Christ church Banner_2

Fr. John Allison

Easter 6B

Acts 10:44-48

1 John 5:1-6

John 15:9-17

May 5, 2024

Christ Church, Hudson

 

“Love one another as I have loved you.” This commandment from Jesus is one we know well; Mother Kathleen and I say a version of it each week as the offertory sentence, right after announcements: “Walk in love as Christ loved us and gave himself for us an offering and sacrifice to God.” More significantly, however, especially on this thirty-sixth day of Easter, is that we last heard it in our Gospel reading just about six weeks ago, forty days ago to be exact, on Maundy Thursday as Jesus says his farewell to the disciples at the last supper in John 13: I give you a new commandment, that you love one another. Just as I have loved you, you also should love one another.” This is the  core of our faith and what we hear today in our Gospel lesson is part of a larger section of John, an earlier part of which we heard last week, that is commonly known as Jesus’ Farewell Discourse as he speaks these words on the eve of his crucifixion. The disciples, at that point, cannot comprehend all that he tells them but it is this simple message, “Love one another as I have loved you,” that endures. It’s the same message but as we hear it today something has changed. 

It’s Easter. We are living in the Resurrection. Mother Kathleen and I have been preaching some variation of this same theme for six weeks now. Christ has triumphed over death and everything is changed. In John’s Gospel, Jesus delivers this commandment because he is about to go away, to be crucified, that’s the context on Maundy Thursday; we read it today, on this sixth Sunday of Easter, because he is about to go away again; forty days after the discovery of the empty tomb, this Thursday, Jesus will ascend to the Father, will be gone from us—again. But this time it’s different. 

I don’t want to jump ahead too far in anticipation of the Ascension but as I hear Jesus’ commandment today, there is a part of me that flashes back to pre-Resurrection. There is a part of me that gets stuck. That forgets not what Jesus has done for me but that in offering himself everything has changed. 

Jesus says, “You are my friends if you do what I command you.  I do not call you servants any longer, because the servant does not know what the master is doing; but I have called you friends, because I have made known to you everything that I have heard from my Father.” Jesus’ distinction of this shift from being servants to friends shows us one way that things have changed. As I said, at that point, the disciples didn’t really understand the implications of all that he was saying but, in Resurrection, in the presence of the Risen Lord it begins to make sense. 

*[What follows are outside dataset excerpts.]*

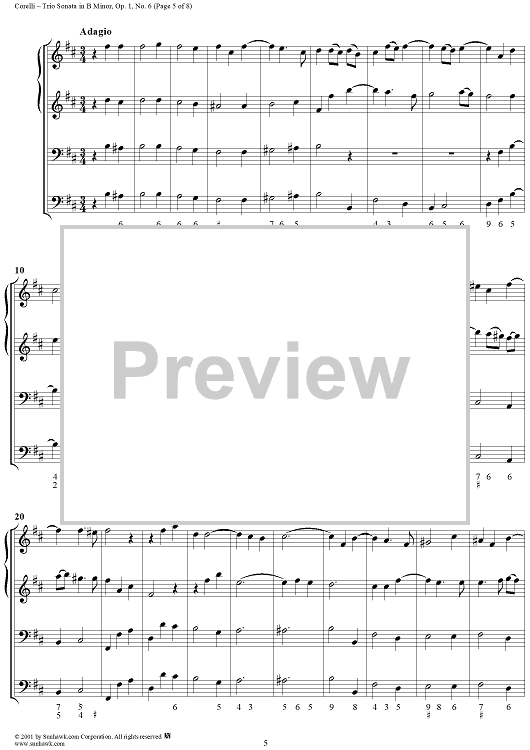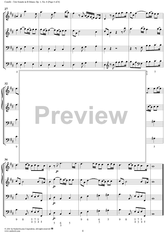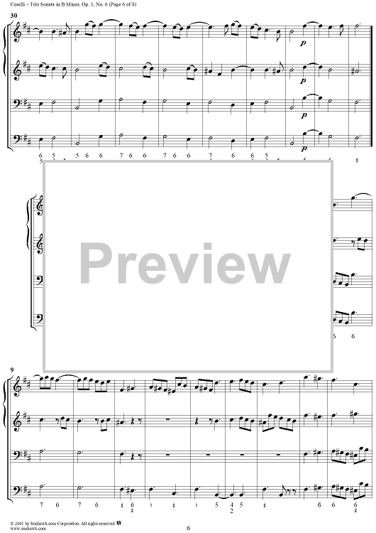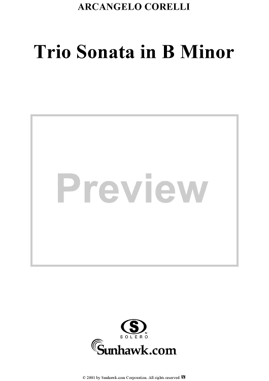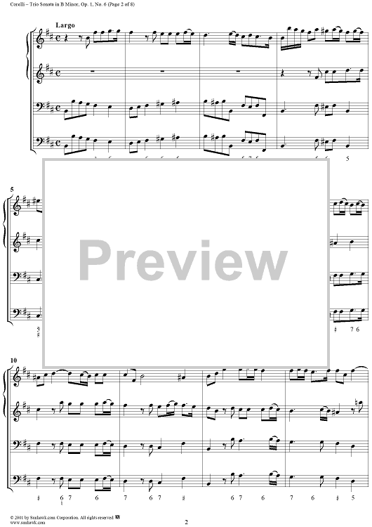 Digital Sheet Music for Trio Sonata in B Minor, Op. 1, No. 6 by Arcangelo Corelli scored for Two Violins, Cello and Organ; id:272414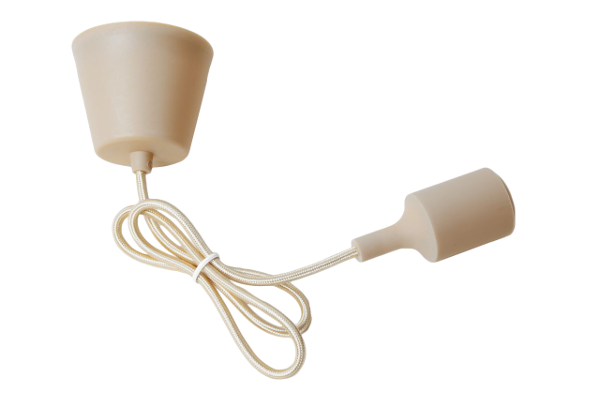 Se trata de una lámpara colgante de cable con recubrimiento textil en color dorado. Florón plástico, cable textil y portalámparas con funda de silicona, todo a juego, del mismo color.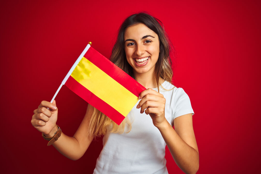 Bandierina della Spagna di dimensioni 29,5×20 cm. Realizzata in poliestere resistente, con unasta bianca di 40 cm e rifinita con una pallina in cima.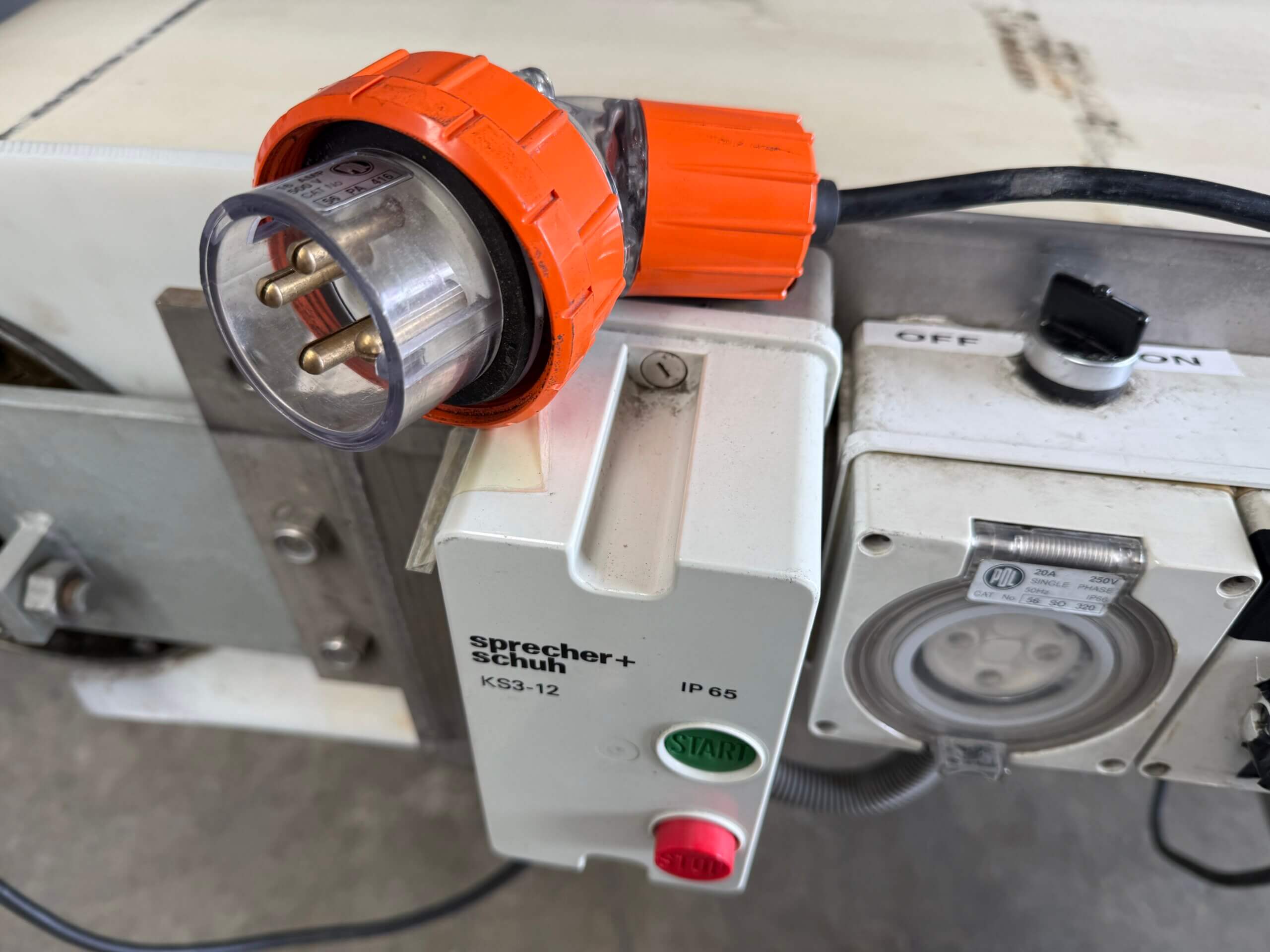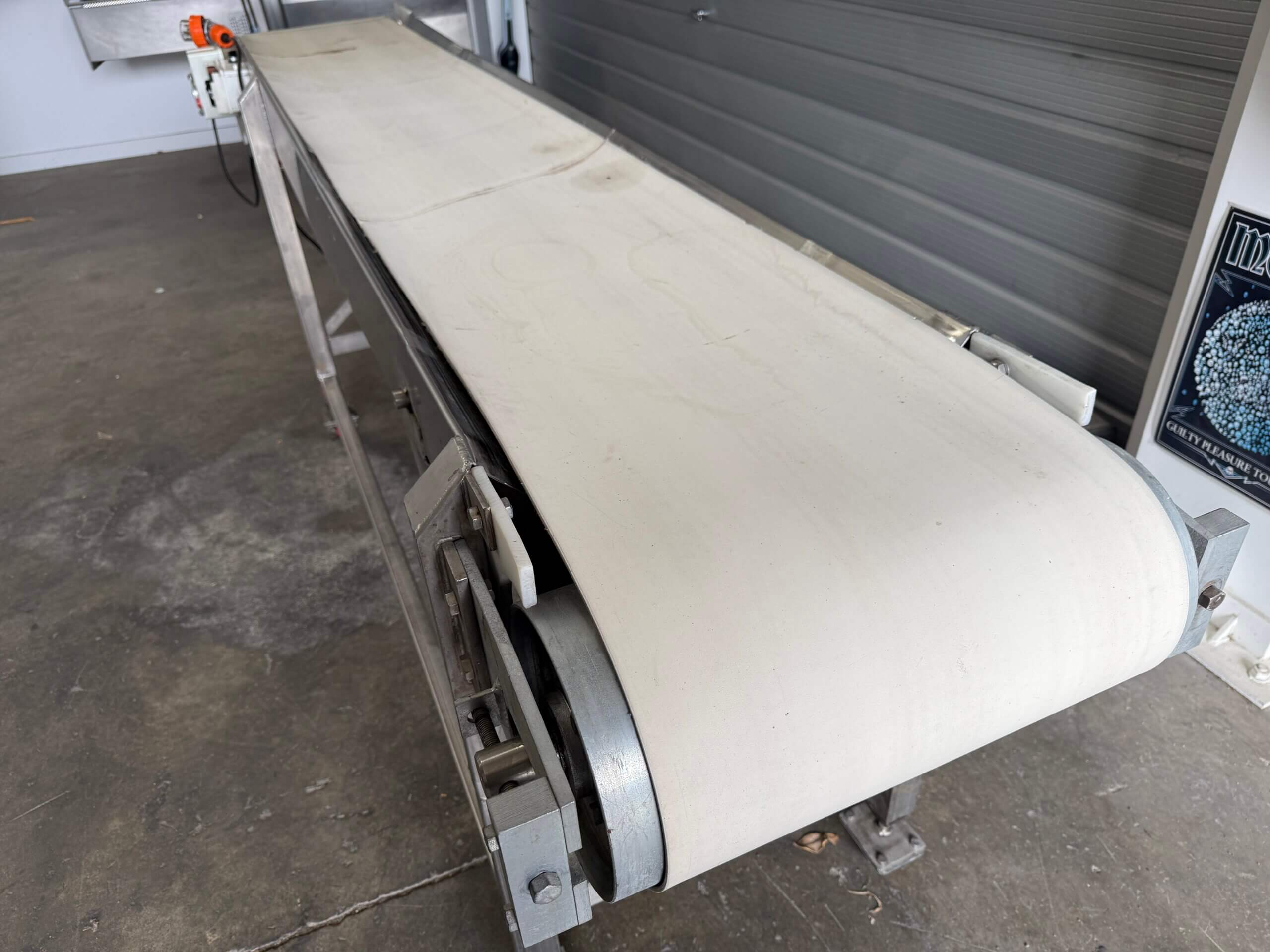 Belt Conveyor, 3 ph (4 pin plug), RR Fisher drum roller motor, start/stop buttons, stainless steel frame, on wheels, white belt.

This word “friend” would have been understood by John and his first century readers in a very particular way, written as it was in Greek. The concept of friend was something that Aristotle had written about extensively. For Aristotle the best way to develop in oneself a particular virtue is to emulate those who already embody it. He says, “A friend is another self.” For Aristotle, we form each other in the moral life. In saying this, he goes on to characterize three types of friendship. The first type is about utility; we have friends who are useful to us in some way, for business or social functions. The second type is more about pleasure; we have friends whose company we enjoy. But it’s the third type of friendship that is the most important, the one I think Jesus has in mind when he calls the disciples friends. This is friendship for the sake of friendship. Friendship that does not depend on what we gain from the relationship but the relationship that by it’s very existence fosters the kind of self-giving love that Jesus embodies. The kind of friendship Jesus offers his disciples is not about reward. It’s not about pleasure. It’s a friendship that teaches us to love as God loves. We have that in Jesus. We see how he loves and we are called into that love, called to offer that same love in his name.

Several years ago, I was in a group and we were discussing this very passage. After some general talk that really seemed to be going nowhere, one of the group members said, very candidly, “I completely fail at this. I can’t love as Jesus loves. I want to,” he said. “But there are just some people I can’t love.” There was silence among the group members, but then there were some knowing nods of agreement. It’s hard. We are called to love as Jesus loves, but we are not Jesus.

In what seems like a lifetime ago, on Ash Wednesday, I talked about the concept of compunction, the sorrowful joy that characterizes the season of Lent. We recognize that we fall short, that we miss the mark, that we sin, and it pains us. It pierces our heart, but it is in that piercing that God’s love enters. That’s the Easter joy that we know only from the wounds of the Risen Christ. That’s the joy that the disciples have begun to know in the Resurrection. It’s our joy. 

As I said earlier, Christ is about to ascend to the Father. He leaves us as a bodily presence but in his commandment to love one another as he loves us, if we abide in his love, our joy will be complete. That’s his promise to us. Our job, the work that we are called to do in his name, to love as he loves, is hard. John tells us in his letter that we read today that it is not burdensome, and that is correct in that we are freed from sin by love, but we must remember, even as Jesus ascends and leaves us in body, he is there with the Father in heaven always calling us, always waiting for us, and yet always with us. That’s the friendship of Jesus. May we all learn from him and bear fruit that is worthy of his name.  Amen.